You can use Elasticsearch from a command line just by having it installed. But Kibana gives you a graphical interface to generate and display data more intuitively.

Here are some of the technical details:

      • Dashboard interface – Configure graphs, data sources, and at-a-glance metrics.
      • Configurable menus – Build data visualizations and menus to quickly navigate or explore data sets.
      • Plug-ins – Adding plug-ins like Canvas allow you to add structured views and real-time monitoring to your graphical interface.

Beats Overview

Beats runs on the system it monitors. It collects and ships data to a destination, like Logstash or Elasticsearch.

You can use Beats to import data directly into Elasticsearch if you’re running a smaller data set.

Use Beats to import data directly into Elasticsearch.

Alternatively, Beats can be used to break data up into manageable streams, then parsed into Logstash, to be read by Elasticsearch.

ELK stack with Beats installed

For a single server, you can install Elasticsearch, Kibana, and a few Beats. Each Beats collects data and sends it to Elasticsearch. You then view the results in Kibana.
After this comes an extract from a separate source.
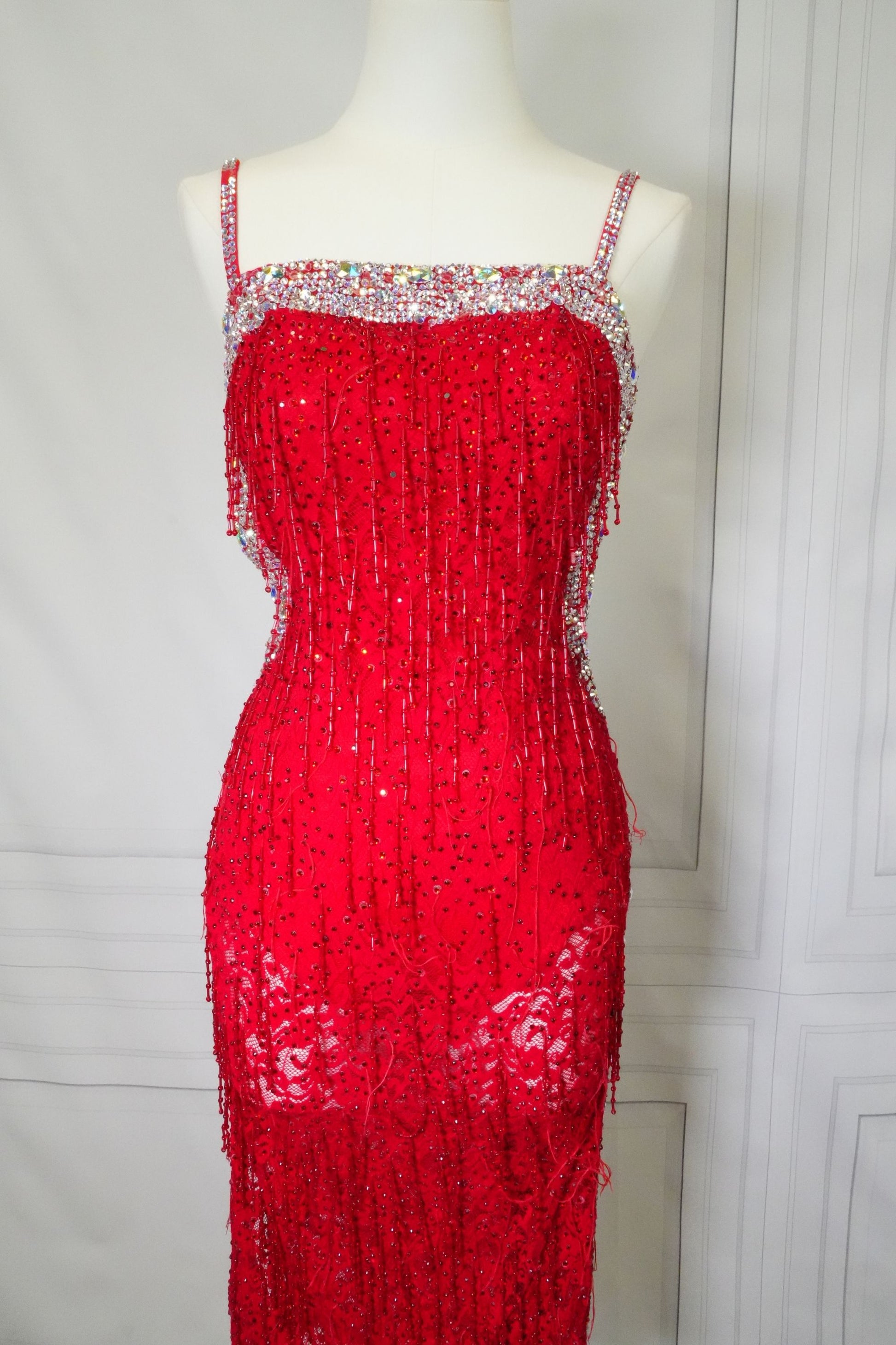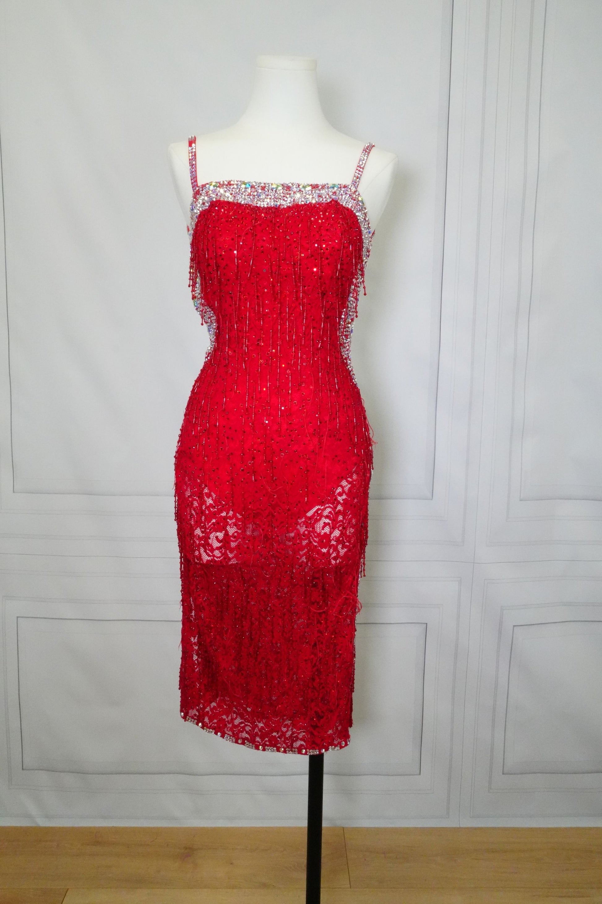Red Lace Latin Dress with Thin Shoulder Straps, Stones, Open Back, and Bugle Bead Size Extra Small Lat188

Alternatively, you can install Beats on several remote servers, then configure Logstash to collect and parse the data from the servers. That data is sent to Elasticsearch and then becomes visible in Kibana.

There are different Beats applications. You can install one or multiple Beats.
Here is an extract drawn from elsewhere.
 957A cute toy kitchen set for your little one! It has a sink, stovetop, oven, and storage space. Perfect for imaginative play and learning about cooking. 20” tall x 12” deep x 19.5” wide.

      • Filebeat – Reads and ships system logfiles. It is useful for server logs, such as hardware events or application logs.
      • Metricbeat – Reads metric data – CPU usage, memory, disk usage, network bandwidth. Use this as a supercharged system resource monitor.
      • Packetbeat – Analyzes network traffic. Use it to monitor latency and responsiveness, or usage and traffic patterns.
      • Winlogbeat – Ships data from the Windows Event Log. Track logon events, installation events, even hardware or application errors.
      • Auditbeat – A supercharged version of Linux auditd. It can interact directly with your Linux system in place of the auditd process. If you already have auditd rules in place, Auditbeat will read from your existing configuration.
      • Heartbeat – Displays uptime and response time. Use this to keep an eye on critical servers or other systems, to make sure they’re running and available.
      • Functionbeat – Ships data from serverless or cloud infrastructure. If you’re running a cloud-hosted service, use it to collate data from the cloud and export it to Elasticsearch.

ELK Stack Use Cases

So, what’s the point of collecting, sorting, and displaying all this data? Log monitoring gives insight into how your resources are performing.
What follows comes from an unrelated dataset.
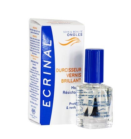 Ecrinal Unhas Verniz Brilh Endurecedor é um cuidado fortalecedor que dá brilho e resistência às unhas frágeis. Previne que a unha se parta. Pode ser usado como base ou top coat" (verniz de acabamento).".

      • For example, data might indicate that one server is overloaded with traffic. You could implement a load-balancing application (like Nginx) to shift traffic to other servers.
      • Alternatively, you might find that network traffic patterns favor some web pages more strongly than others. This helps you discover which web pages are more relevant or useful to visitors.
      • You might monitor user account activity. A pattern of attaching a storage device might indicate a user account permission problem. Multiple failed login attempts might indicate an attempt to breach the system.
      • If you’re deploying a new application, you can monitor errors for that application. These can help quickly identify areas to fix bugs or improve application design.

Elastic Stack generates data that you can use to solve problems and make sound business decisions.


In this Elk Stack Tutorial, you learned the basics of the Elastic Stack, how it is used, what it is used for, and its components.

Review the use cases, and consider trying out the ELK stack.